His enemies say he was an uncrowned king who confused unity with unanimity.

And in that his enemies are right.

His enemies say that if Napoleon had a newspaper like Granma, no Frenchman would have learned of the disaster at Waterloo.

And in that his enemies are right.

His enemies say that he exercised power by talking a lot and listening little, because he was more used to hearing echoes than voices.

And in that his enemies are right.

But some things his enemies do not say: it was not to pose for the history books that he bared his breast to the invaders’ bullets,

he faced hurricanes as an equal, hurricane to hurricane,

he survived 637 attempts on his life,

his contagious energy was decisive in making a country out of a colony,

and it was not by Lucifer’s curse or God’s miracle that the new country managed to outlive 10 US presidents, their napkins spread in their laps, ready to eat it with knife and fork.

And his enemies never mention that Cuba is one rare country that does not compete for the World Doormat Cup.

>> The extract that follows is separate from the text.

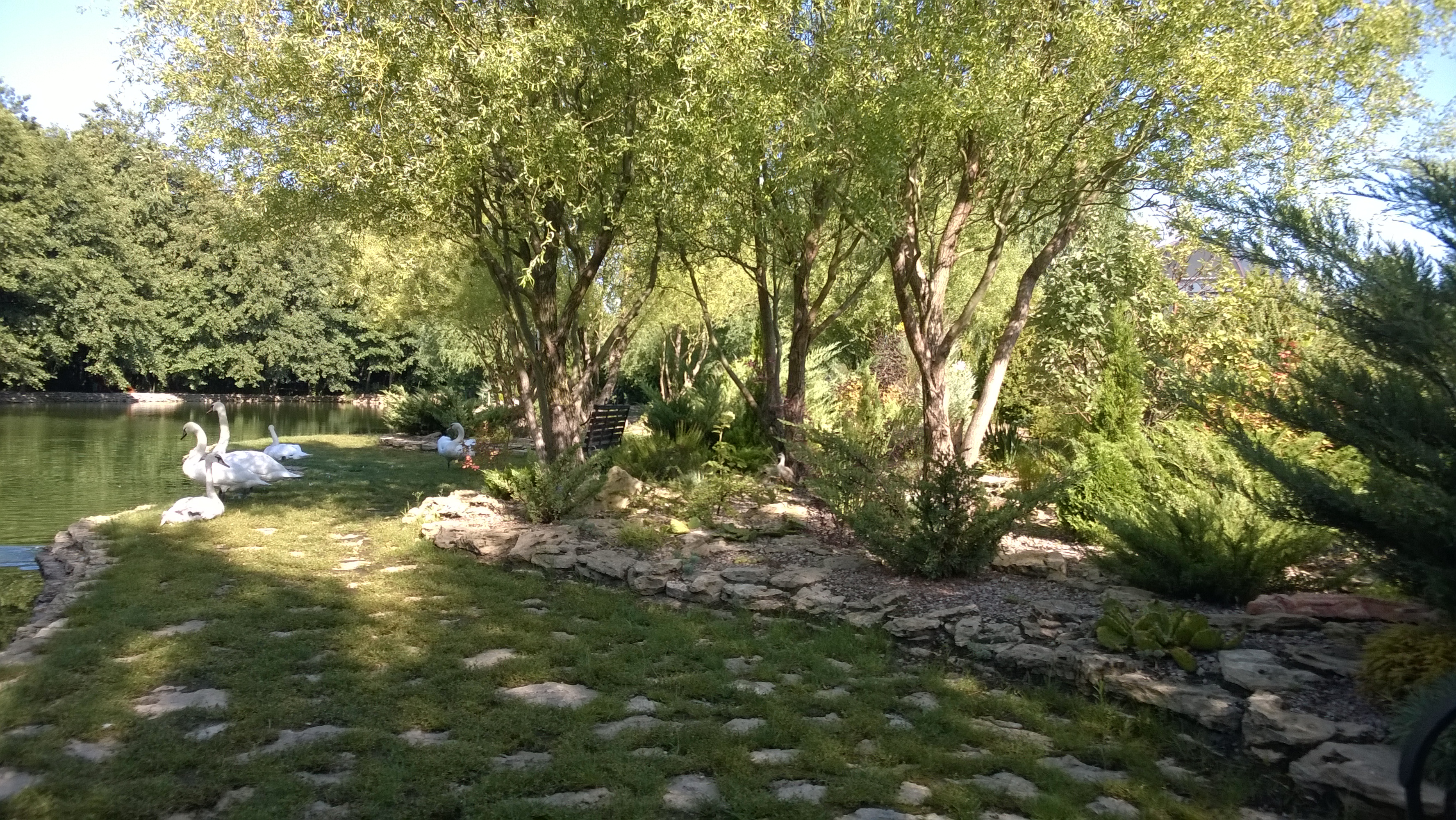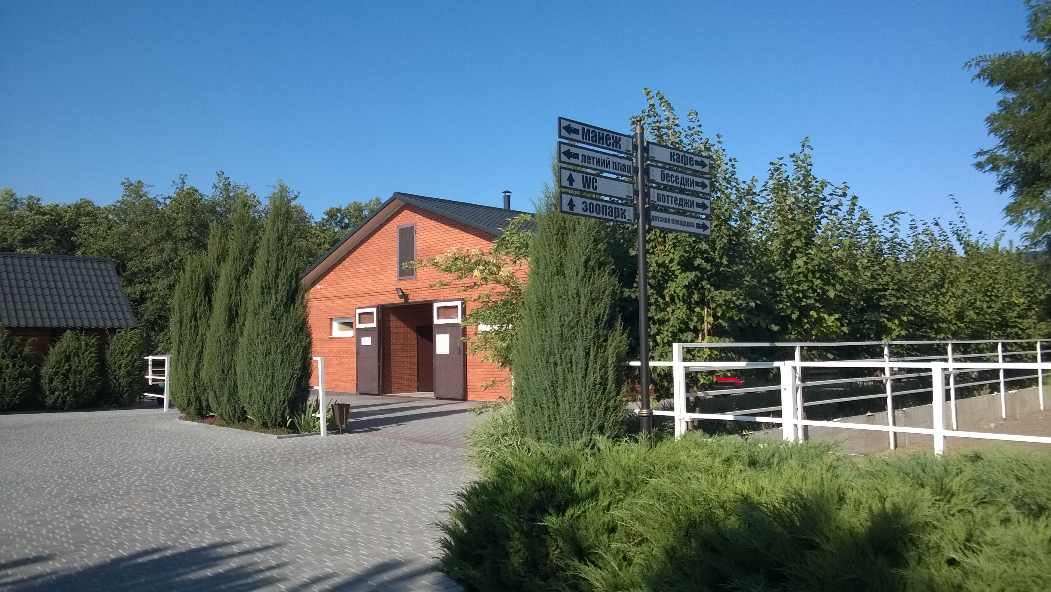 Любимая сделал подарок на ДР - повезла меня в конно-спортивную базу возле Херсона... таких цивильных конюшен я еще никогда не видел :) Плюс там есть мини-зоопарк, очень красивое озеро с лебедями, беседочки, мангальчики, качельки, т.е. можно просто арендовать беседочку, приехать толпой пожарить шашлычка, попить пива и т.д.

And they do not say that the revolution, punished for the crime of dignity, is what it managed to be and not what it wished to become. Nor do they say that the wall separating desire from reality grew ever higher and wider thanks to the imperial blockade, which suffocated a Cuban-style democracy, militarized society, and gave the bureaucracy, always ready with a problem for every solution, the alibis it needed to justify and perpetuate itself.

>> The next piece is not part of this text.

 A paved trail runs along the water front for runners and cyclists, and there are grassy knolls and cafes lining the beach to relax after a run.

And they do not say that in spite of all the sorrow, in spite of the external aggression and the internal high-handedness, this distressed and obstinate island has spawned the least unjust society in Latin America.

And his enemies do not say that this feat was the outcome of the sacrifice of its people, and also of the stubborn will and old-fashioned sense of honor of the knight who always fought on the side of the losers, like his famous colleague in the fields of Castile.

 

 

Ian Dreiblatt is the former Director of Digital Media at Melville House.